Para la sedimentación de eritrocitos, use una pipeta de 10 mililitros para transferir el pellet de neutrófilos /glóbulos rojos a un tubo limpio. Luego agregue 5% FBS / HBSS a un volumen final de 25 mililitros. Agregue directamente 25 mililitros de la solución precalenada que contiene 3% de dextrano / 0.9% NaCl en agua en el tubo y mezcle suavemente por inversión.
Coloque el tubo sobre una superficie nivelada y no vibratoria durante 15 minutos. Después de colocar el tubo de nuevo en la campana, sumerja ligeramente la pipeta en el líquido y recoja aproximadamente 30 mililitros de la capa superior siguiendo la superficie del líquido hacia abajo. Gire el tubo para obtener un pellet rojo sin partículas flotantes en el medio.
Para la lisis del rbC residual, aspire suavemente el sobrenadante sin interrumpir el pellet. Agregue 25 milímetros de agua ultrapura estéril directamente en el tubo y mezcle suavemente invirtiendo el tubo durante 28 segundos para lisar el rbC. Luego, agregue inmediatamente 25 mililitros de solución estéril de NaCl al 1.8% preparada en agua en el tubo y devuelva la solución a las condiciones isotónicas mediante una mezcla suave.
Gire el tubo a 200 veces g durante tres a cinco minutos con un freno bajo para minimizar la sedimentación de glóbulos rojos y plaquetas con neutrófilos. Para resuspedar el pellet de neutrófilos blancos, agregue directamente el medio de cultivo sobre el pellet, pero no pipete hacia arriba y hacia abajo. A continuación, balancee el tubo horizontalmente de lado a lado para minimizar la activación celular.
Si se observa agregación o aglutinamiento celular, filtre la suspensión celular a través de una malla de 70 micrómetros para descartar los neutrófilos agrupados. Para evaluar la calidad de la preparación aislada de neutrófilos, tiñe las células con marcadores específicos para neutrófilos, eosinófilos y un marcador de activación. Después de adquirir 20, 000 células por citometría de flujo, analice la pureza y activación celular utilizando las estrategias de cierre y determine la viabilidad celular utilizando yoduro de anexina V / propidio como se describe en el manuscrito de texto.

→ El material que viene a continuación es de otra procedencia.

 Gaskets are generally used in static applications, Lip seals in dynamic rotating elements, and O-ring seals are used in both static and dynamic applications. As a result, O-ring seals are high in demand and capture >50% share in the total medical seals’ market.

El gradiente de densidad con una baja velocidad produjo neutrófilos con más pureza, mientras que una alta velocidad resultó en un mayor rendimiento a expensas de la pureza. Utilizando la clasificación celular activada por fluorescencia, la distribución celular por sí sola proporcionó una estimación de la calidad del aislamiento celular, pero se debe preferir el uso de marcadores celulares específicos. Las poblaciones celulares contaminantes identificadas fueron monocitos, linfocitos y eosinófilos.
El enorme rendimiento de neutrófilos se logró utilizando este protocolo. Se evaluó la expresión de CD62L. La intensidad fluorescente media para CD62L disminuyó en las células de control positivas, lo que indica desprendimiento de CD62L y activación de neutrófilos.

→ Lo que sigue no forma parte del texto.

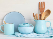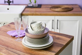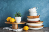 Piękna zastawa stołowa na blacie kuchennym przy ścianie

La salud de los neutrófilos debe evaluarse antes de realizar el ensayo, ya que los neutrófilos tienen una vida media relativamente corta y la activación acorta aún más la vida. Después de la purificación de neutrófilos utilizando el gradiente de densidad y microperlas comerciales, las células se cultivaron durante 24 horas y la supervivencia celular se analizó mediante citometría de flujo. La cuantificación de células viables indicó que la purificación del gradiente de densidad resultó en más células viables después de 24 horas que la purificación utilizando un kit.
Es importante que los pasos de estratificación y centrifugación del gradiente se realicen lo mejor posible, ya que tendrá un gran impacto en la calidad de la preparación. Se pueden realizar experimentos in vitro y ensayos bioquímicos después de este procedimiento. Además, la selección negativa podría realizarse si se requieren células ultrapuras como en los experimentos de expresión de citoquinas y proteínas.